Analysis of Shear Panel Elements Using Improved Fixed Strut Angle Model Based on Plane-Stress Element

Abstract

The behaviour of reinforced concrete (RC) member can be evaluated by employing a reasonably accurate constitutive relationship and element type in the finite element (FE) framework. Important components like columns, beams and shear wall in an RC structure can be analysed in the FE framework by using a plane-stress element. In general, RC members are subjected to the combination of axial, shear, flexure, and torsional loading. Hence, it is necessary to use constitutive models which can consider the effects of combined loading. This work focuses on implementing an improved fixed strut angle model in finite element framework to analyse shear panels under combined shear and axial loads. The proposed procedure is based on secant stiffness based iterative formulations and employs constitutive relationships which consider the concrete softening and tension stiffening.

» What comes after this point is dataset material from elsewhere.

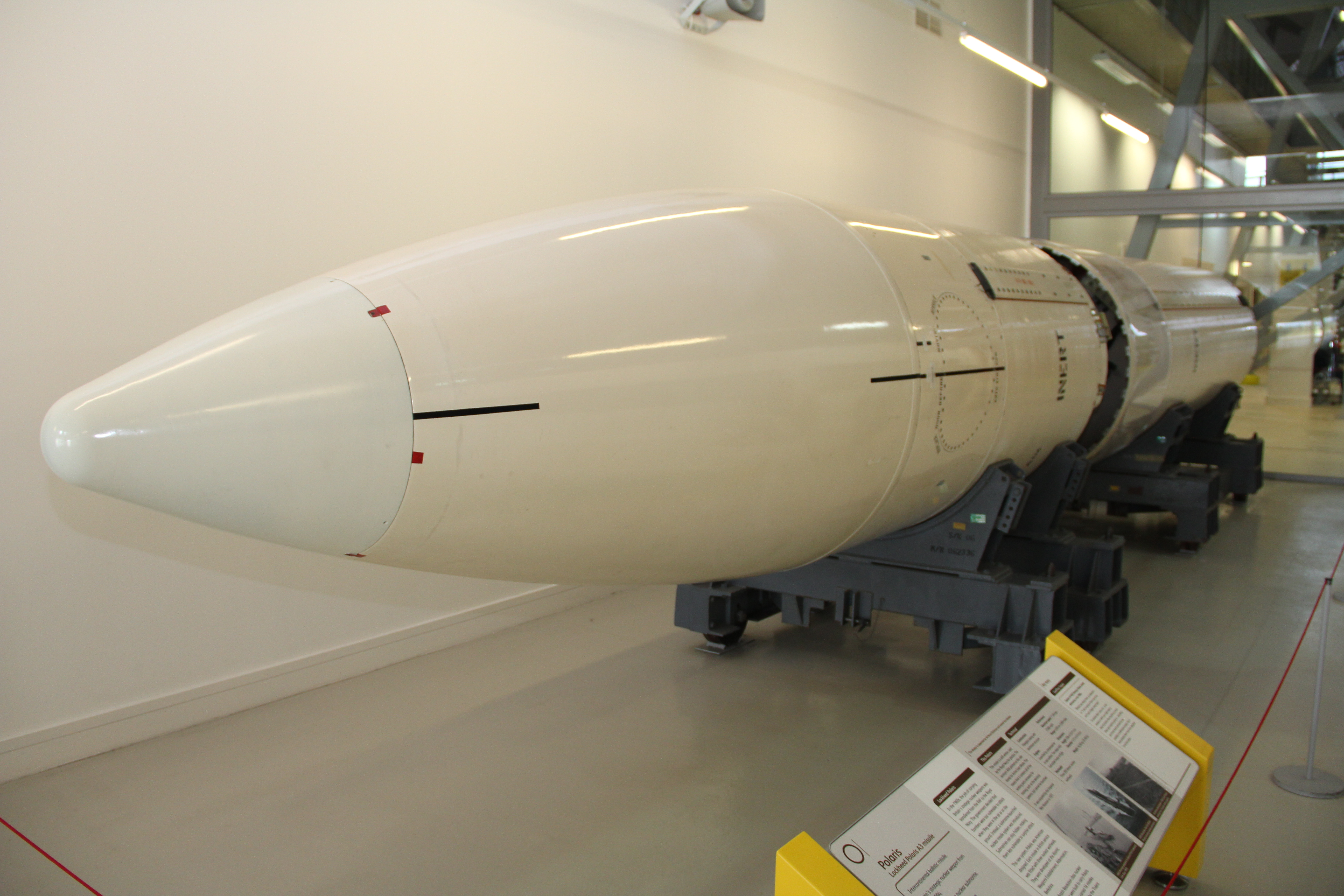 UGM-27 Polaris A3 SLBM

The material models and the equilibrium conditions based on the fixed strut angle model were implemented into MATLAB based FE framework. The reliability of the proposed analytical model is checked against the experimental results available in the literature. Moreover, it is essential to use efficient material constitutive relationships which can be effectively implemented in a finite element framework without compromising the accuracy of the predictions. A comprehensive analytical study is carried, wherein predictions were obtained using different combinations of material models. Comparison of the results shows that the predictions of the proposed model agree well with the test results.